Amy’s sayings #3

This is a series on how to run a business without micromanaging your staff. These are phrases they should hear in their head when the situation it applies to arises. In the first post of this series, I explained We’ll get fired if a client can’t print, but we won’t keep a client because they can print. The second post covered Don’t make a plan based on the exception.

Do I really need to know that?

Today we tackle the busy business owner, busy bookkeeper, busy tech’s most useful phrase in prioritizing information flow. “Do I really need to know that?” It’s not possible to count the number of times I use this phrase. I use it so much that I just found myself including it in an article I wrote for Quest on taming the flood of alerts that come from MCAS.

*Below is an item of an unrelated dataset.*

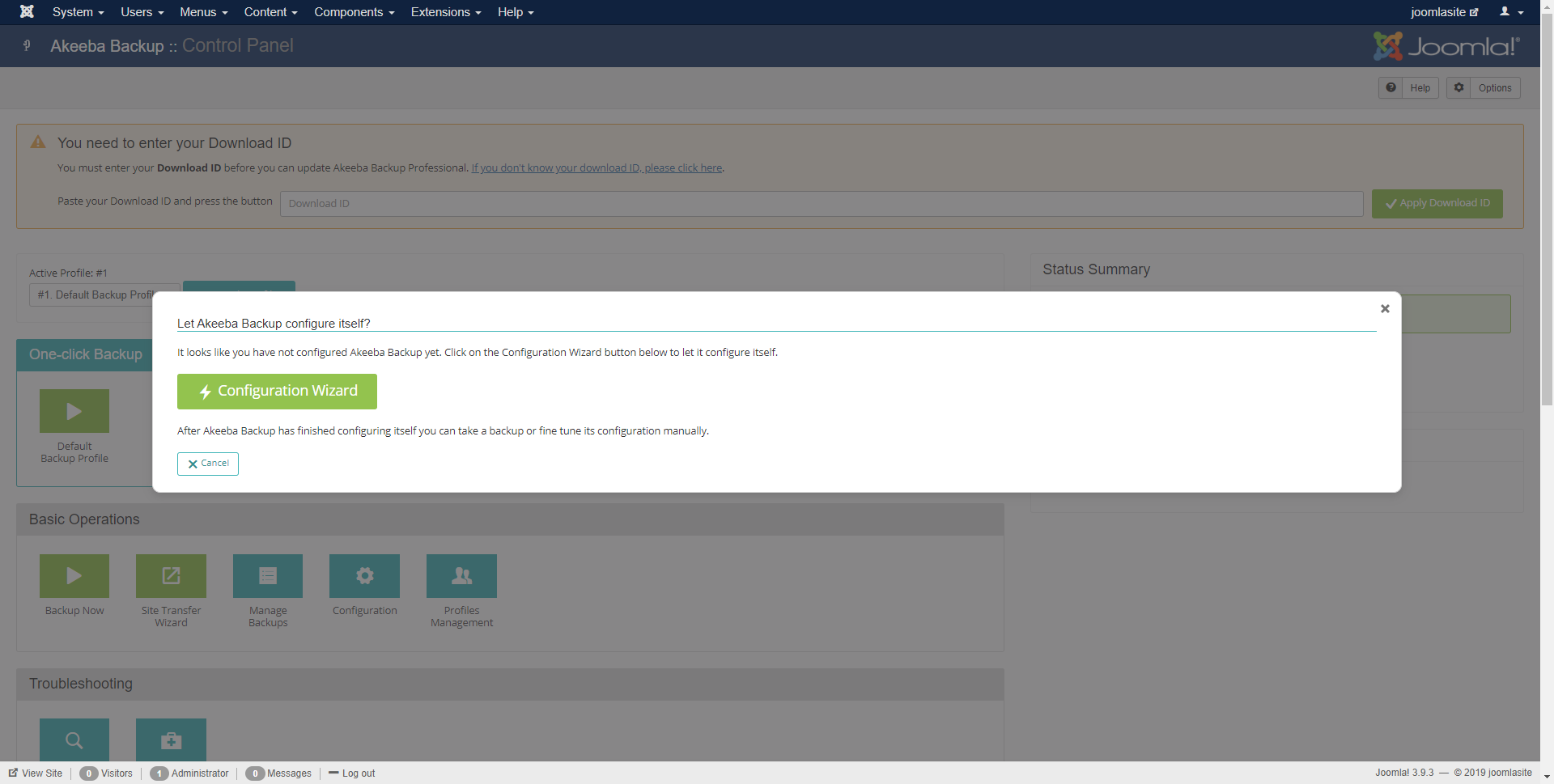 Erster Start von Akeeba Backup - Klicken die auf den Konfigurations Wizard und lassen Sie ihn sein Ding machen...
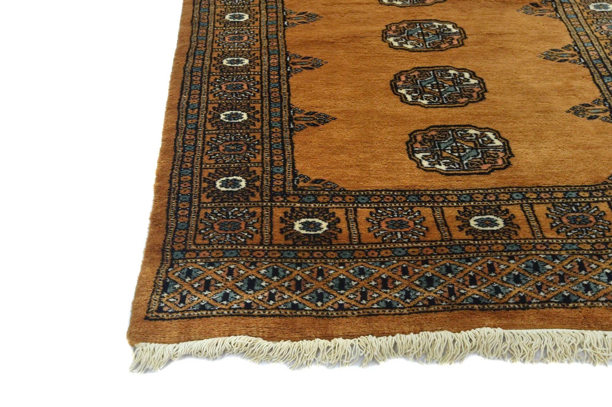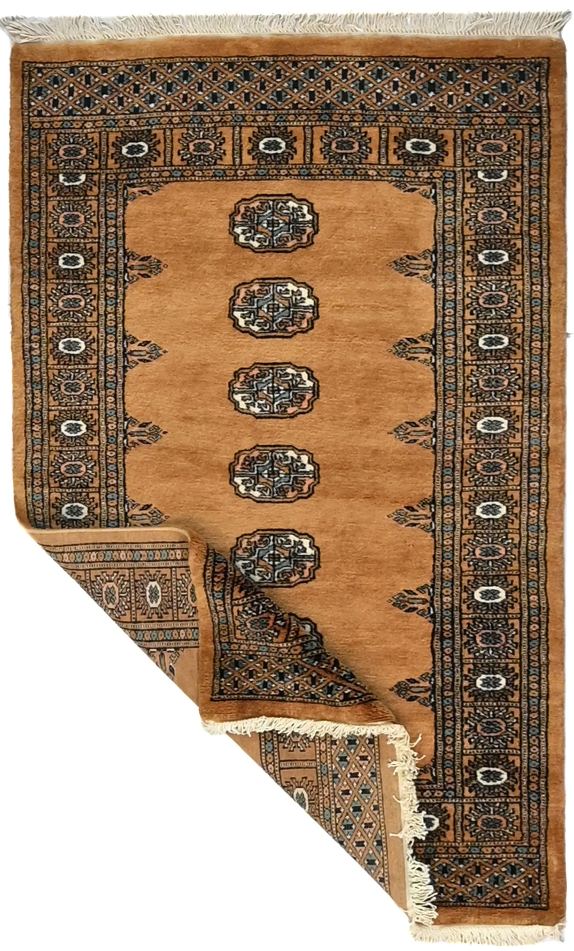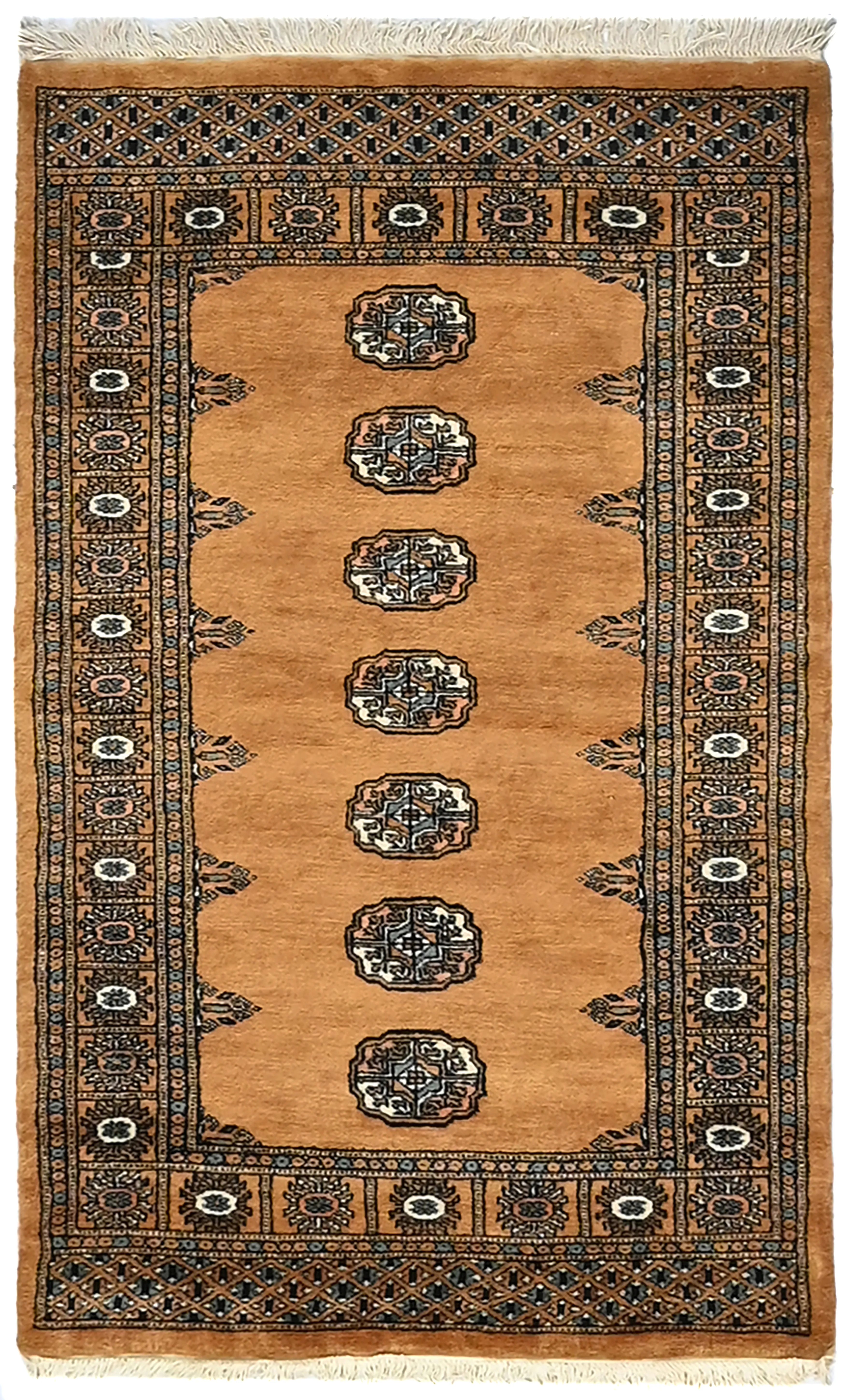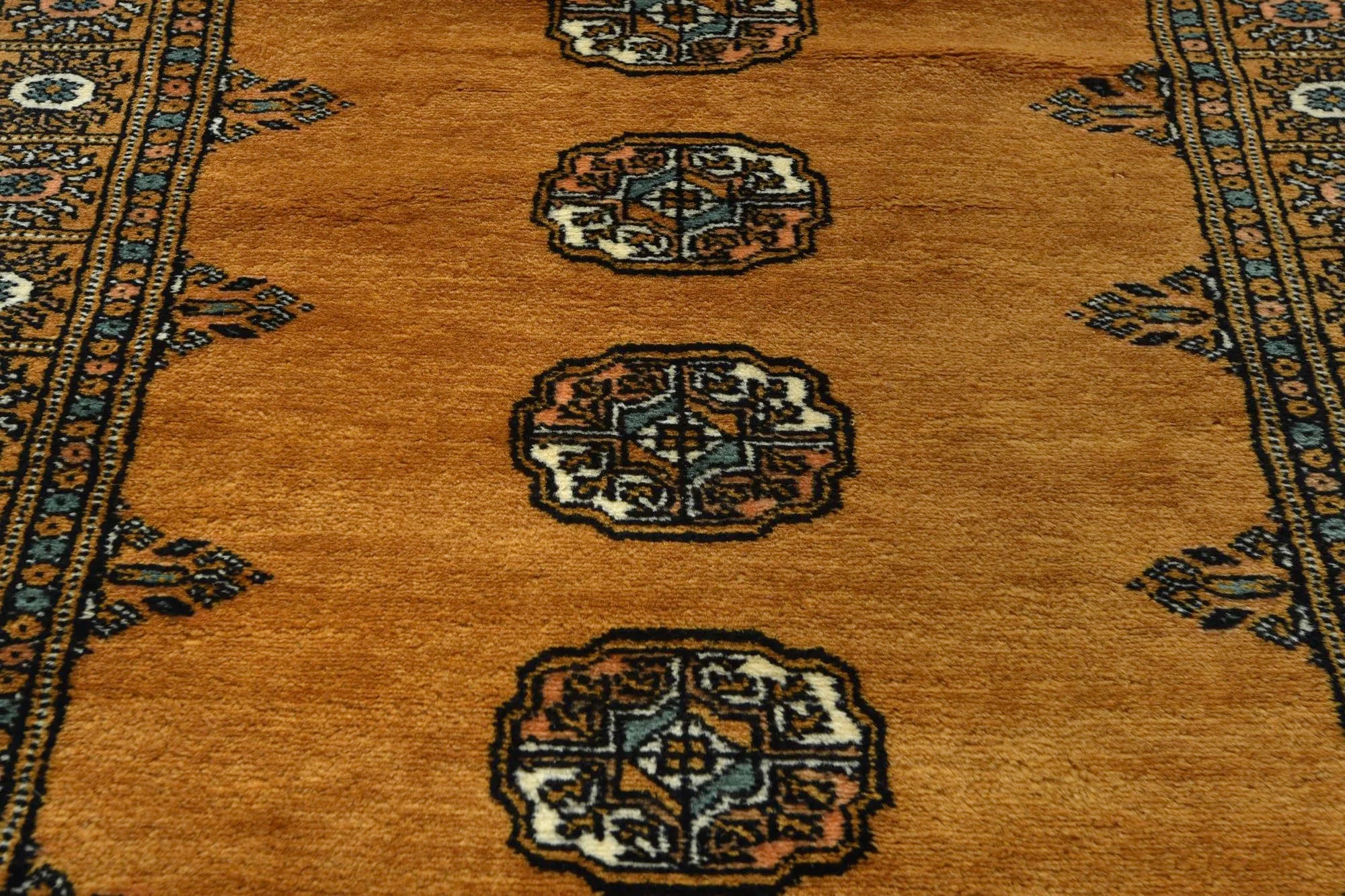 Bokhara carpets from Pakistan are known for their elegant and classic patterns, inspired by traditional Central Asian design. They are named after the city of Bokhara (now Bukhara) in Uzbekistan, although those manufactured in Pakistan have developed their own unique style and feel. Bokhara carpets from Pakistan are primarily produced in the Punjab province and other parts of the country. Pakistan is known for its rich tradition of carpet weaving and has become one of the leading e x porters of hand-knotted carpets. The design of Bokhara carpets originates from the Turkmen nomadic tribe Tekke, but Pakistani versions have adapted and developed these patterns to create their own distinct style. This adaptation has led to a unique and recognized variant of Bokhara carpets. Bokhara carpets are characterized by their typical geometric patterns with repeated octagons or guls, surrounded by smaller geometric elements. There are also variations with more floral or stylized patterns. Traditional Bokhara carpets are often in deep red, wine red, or dark blue, but modern variants may also be found in lighter and more varied colors such as beige, gray, and green. Bokhara carpets from Pakistan are usually made of fine wool which is soft and durable. They may also have elements of silk to enhance the gloss and softness. The warp and weft are usually made of cotton, which provides stability and structure. These carpets are hand-knotted with a medium to high knot density, which gives them a dense and durable construction. The knotting technique in Pakistan is known for its precision and quality. These carpets are very versatile and can be used in various environments, from traditional to modern. They are also popular as art objects due to their aesthetic and artistic value.

This phrase protects you from information overload. Today’s business environment can generate information with ease but most of it isn’t useful. I created this phrase in the early days of RMM tools where they were touted as sending me an alert when a user’s hard drive was full. My phrase was then born. Do I really need to know that? My customer will call before I find the time to review that alert. And so my quest to reduce information clutter was born.

On the accounting side of the business, information overload happens there too. QuickBooks lets me break out 250 categories in my chart of accounts. We occasionally bump into that and QuickBooks want to upsell me; instead, I want to downsize them. Simple is better. That’s not to say that I don’t want information from QuickBooks, I definitely do, but I want the information I need not the information that QuickBooks wants to sell me or the information that is recommended by third party MSP experts. I want to know our progress is meeting certain goals that I have for the business and I want to track percentage growth in over broad categories. So, we move things around to provide just the information that we want and no more.

To me this is just like the wave that flowed over America when Marie Kondo asked homeowners buried in clutter whether an item brought them joy. I use much the same method when considering whether a piece of information is useful. Do I really need to know that? If the answer is no, the solution isn’t just to toss it aside and move on. It’s to stop the information from being generated and crossing my path ever again.

Adopt, Do I really need to know that, and you’ll find that the clarity you have on everything in your business will improve.